Endogenous neuropeptide; investigational sleep-modulating peptide

DSIP

Also known as Delta sleep-inducing peptide, Emideltide, DSIP nonapeptide

DSIP/emideltide is not FDA-approved and is not currently on the FDA 503A or 503B bulks lists. FDA removed Emideltide (DSIP) from 503A Category 2 on April 22, 2026 because nominations were withdrawn; PCAC review scheduled for July 24, 2026.

Not currently legal in the US
Editorially verified

What it is

Delta sleep-inducing peptide is a nonapeptide first described in the 1970s in sleep research. The name reflects early experiments suggesting that a peptide isolated from cerebral venous blood during sleep could affect delta-wave sleep in mammals. MeSH describes DSIP as a nonapeptide found in neurons, peripheral organs, and plasma and notes reported effects beyond sleep, including electrophysiologic activity, neurotransmitter levels, circadian and locomotor patterns, hormonal levels, psychological performance, and interactions with neuropharmacologic drug withdrawal[9 ].

Chemical structure

DSIP is a nine-amino-acid peptide with the sequence Trp-Ala-Gly-Gly-Asp-Ala-Ser-Gly-Glu and molecular formula C35H48N10O15[1 ]. PubChem and MeSH identify it as emideltide or delta sleep-inducing peptide, a nonapeptide associated historically with delta sleep and other neuroendocrine effects[1 ,9 ].

Mechanism unsettled

The name can overstate what is known. “Delta sleep-inducing” suggests a reliable sleep drug, but the human clinical evidence is old, small, and inconsistent[1011 ]. Modern sleep-medicine guidelines and FDA-approved insomnia treatments do not include DSIP as an approved therapy.

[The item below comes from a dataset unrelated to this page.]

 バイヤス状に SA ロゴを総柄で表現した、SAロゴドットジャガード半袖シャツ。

DSIP’s mechanism is not settled. The peptide has been discussed in relation to sleep architecture, stress hormones, opioid systems, and other neuroendocrine effects, but no FDA-approved label or validated clinical mechanism exists. Because the peptide is rapidly degraded and has no approved formulation, public claims about injected, intranasal, or sublingual DSIP should not be treated as established.

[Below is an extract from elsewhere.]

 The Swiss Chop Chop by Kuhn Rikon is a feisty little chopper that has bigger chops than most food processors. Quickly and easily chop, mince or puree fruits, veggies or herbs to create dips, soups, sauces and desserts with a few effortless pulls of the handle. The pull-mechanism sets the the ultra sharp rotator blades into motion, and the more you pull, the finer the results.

When marketed online, DSIP is usually sold as a research peptide for sleep quality, deep sleep, stress resilience, withdrawal support, or recovery. No FDA-approved DSIP product exists, and there is no approved dose, route, indication, contraindication profile, drug-interaction framework, or long-term safety label[27 ].

Regulatory status

DSIP, also called emideltide, is not FDA-approved for any indication in the United States. No FDA-approved DSIP drug product was identified in FDA materials reviewed for this draft[27 ].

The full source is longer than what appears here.